先週の「改定監査基準と内部統制監査」につきましては、皆様方のコメントでたいへん勉強させていただいております。世間一般における「内部統制ブーム」の核心をついたご意見もありますし、非常に興味深く拝読させていただきました。たしかに「内部統制」が目指すものがいったいどこにあるのか?IT統制ということが重要ということでありましたら、「○○会社のシステムパッケージを納入していれば監査人からお墨付きを得られる」ことになるんでしょうか?コンプライアンス経営維持が重要ということでありましたら「△△コンサルタントの経営指導を受けていたら、監査人からみて統制環境の有効性評価としてはオッケー」ということになるんでしょうか?このあたりは、「日本版SOX法」なる言葉とともに、内部統制ブームを盛り上げてきたところとも非常に深く関連するところですし、このブログでも一度きちんと採り上げてみたいと思います。ただ、私は法曹ということですので、こういった内部統制評価報告実務と弁護士との関係についても併せて検討する予定にしております。

さて、このたびの内部統制評価報告実務における弁護士の役割は後回しにしまして、この10月20日に「公認内部監査人受験者数が急増している」といった日経ニュースがありました。(内部監査人の資格試験受験者急増 日経ニュース)間違いなく、金融商品取引法における内部統制評価報告実務への対応によるものと思います。私もこのたびの内部統制評価報告実務におきましては、この「内部監査人」の存在は「監査役」の存在と同様に非常に大きなポイントになると予想しておりますし、各上場企業が「内部監査室」改革にもっと性急に取り組むべきだと考えております。その理由としましては、①内部統制はシステムを整備するだけでなく、その運用の適正性も要求されるわけですから、運用面での監視に社内における監査専門職が不可欠②監査人(監査法人および公認会計士)による経営者評価を担保するものとしては内部監査人と監査役および監査人との連携が不可欠③大きな会社ほど、経営者による内部統制評価には「擬制」がつきまとうのは現実であって、誰かの内部統制評価を適正と評価することによって、経営者自身が評価したものと同視しなければいけないわけですから、その「誰か」というのは信頼できる内部監査人を選任することが不可欠(これは「監査役」では成り立ちません。監査役は外観的独立性がありますので、経営者の手足となって監査するものとは評価できないからです)、といったところからであります。現実の内部監査人の方々のお仕事といいますのは、以前のエントリーでも書かせていただきましたが、企業によってマチマチでありまして、いわゆる業務監査に専念されている企業とか、いわゆるエリートコースの一貫としての「肩書き作り」のために1年ないし2年の腰掛職務、といったところもあり、まだまだ内部統制構築といった論点と結びつけていらっしゃらない企業も多いと思われます。

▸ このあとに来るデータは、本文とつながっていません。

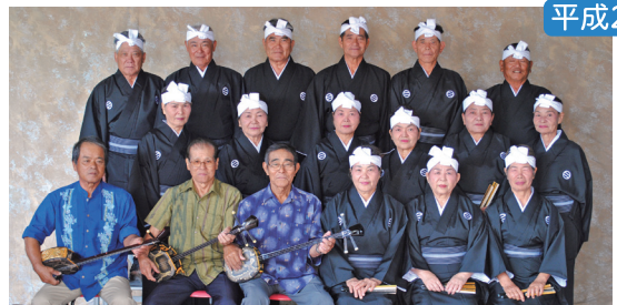
北部地区老人芸能大会 川平老人クラブ出演
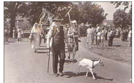
Festumzug in Fahrbinde 1983

Die Gaststätte und den Saal gibt es nun schon einige Jahre nicht mehr, was Anlass war, die Festlichkeiten in ein Festzelt zu verlegen. Mit Sport, Spiel und Blasmusik, dazu eine Kaffeetafel mit leckerem Kuchen – gebacken von vielen Hobbybäckerinnen – wird der Nachmittag verbracht. Abends treffen sich alle zum Tanz unter
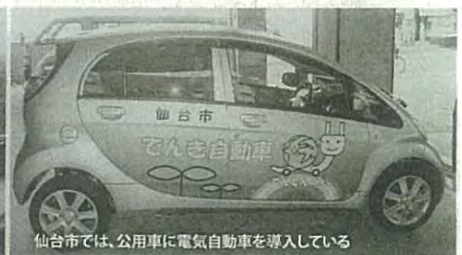
仙台市では、公用車に電気自動車を導入している
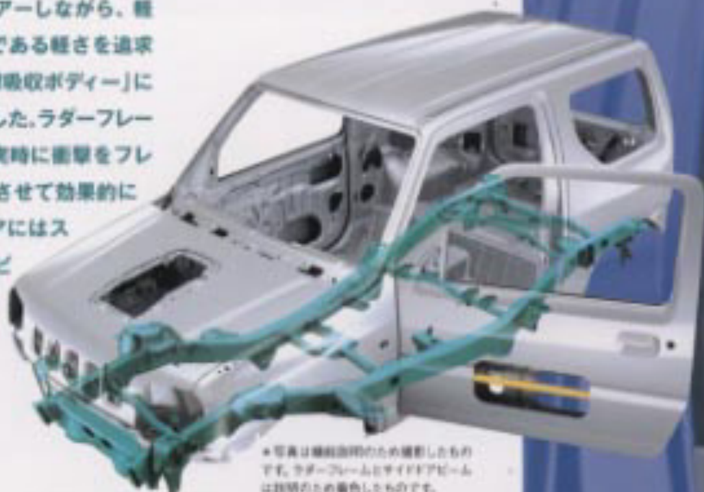
※写真は撮影目的のため撮影したもので、ラダーフレームとサイドドアビームは実際とは異なる色としたものです。

新しい安全基準をクリアしながら、軽自動車本来のメリットである軽さを追求した新開発の「軽量衝撃吸収ボディ」により、安全性が高まりました。ラダーフレーム付のボディは、衝突時に衝撃をフレームとボディに分散させて効果的に吸収。また、サイドドアにはスチール製のサイドドアビームも内蔵しています。
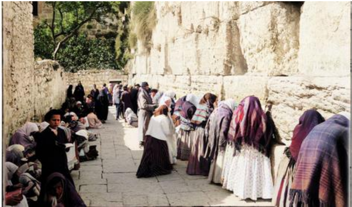
Hommes et femmes priant ensemble devant le Mur des Lamentations dans les années 1920
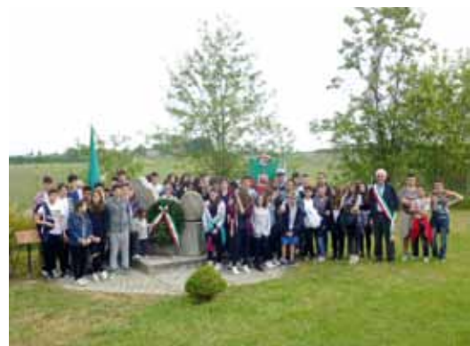
La camminata al monumento

recati in camminata fino al Monumento di Gabriella degli Esposti, sul greto del fiume. Sempre per i ragazzi si è svolto infine, al Circolo Arci di San Cesario, il reading Memoria , a cura di Compagnia Officine Duende, costruito sulla base di testimonianze di donne che hanno vissuto la Seconda Guerra Mondiale; dal ventennio di dittatura fascista fino all'entrata in guerra dell'Italia e alla Resistenza. Storie di quotidianità che ripercorrono frammenti di vita, parole raccolte nel tempo e giunte fino a noi.

ちなみに、このCIA資格の運営をされている「日本内部監査協会」というところは、現在の日本の「内部統制」の理論的考察、という面におきましては、トップレベルではないでしょうか。私も最新事情につきましては、この内部監査協会さんのHPにおけるリリースを参考にさせていただいているところも多く、「現実を見据えた実務基準」を提言されているものと思います。ただ、公認内部監査人(CIA)資格保有といいますのは、たしかに社内における内部管理体制構築の重要性を認識することにとっては有意義かもしれませんが、その資格を取得した者が社内に存在することだけで、内部統制構築に有効な専門家が誕生する、と短絡的に考えるべきではないと思います。私も公認コンプライアンス・オフィサーやCFE(公認不正検査士 世界に2万人以上の資格保有者が存在する)の資格を取得させていただきましたが、それはあくまでも最低水準の知識・技能を保有していることに過ぎず、社内・社外にかかわらず、その知識・技能をどう現実の企業社会で生かす経験を積んでいくか、ということのほうがよっぽど重要だと思います。つまり冒頭でも述べましたように、「公認内部監査人」資格を保有する者が社内に存在することが、それだけで監査人によるお墨付きになるのではなく、その内部監査人が「実施基準」の趣旨を十分理解したうえで、どれだけ社内で知恵と汗をかいているか、といった行動こそが「有効性評価」に大きな影響を与えるものになると考えております。また、資格保有の有無にかかわらず、そのような内部監査人が行動できる社内環境を作ることは経営者独自の責任にかかってくるのではないでしょうか。そういう意味で、私は「内部監査人」は決して腰掛的なイメージではなく、あくまでも社内専門的な職種である必要があると思いますし、業務監査といったイメージでもなく、財務情報の信頼性を判断できるにふさわしい財務やITシステムへの知識を持つ方であれば、かなり有利なのではないかと予想しております。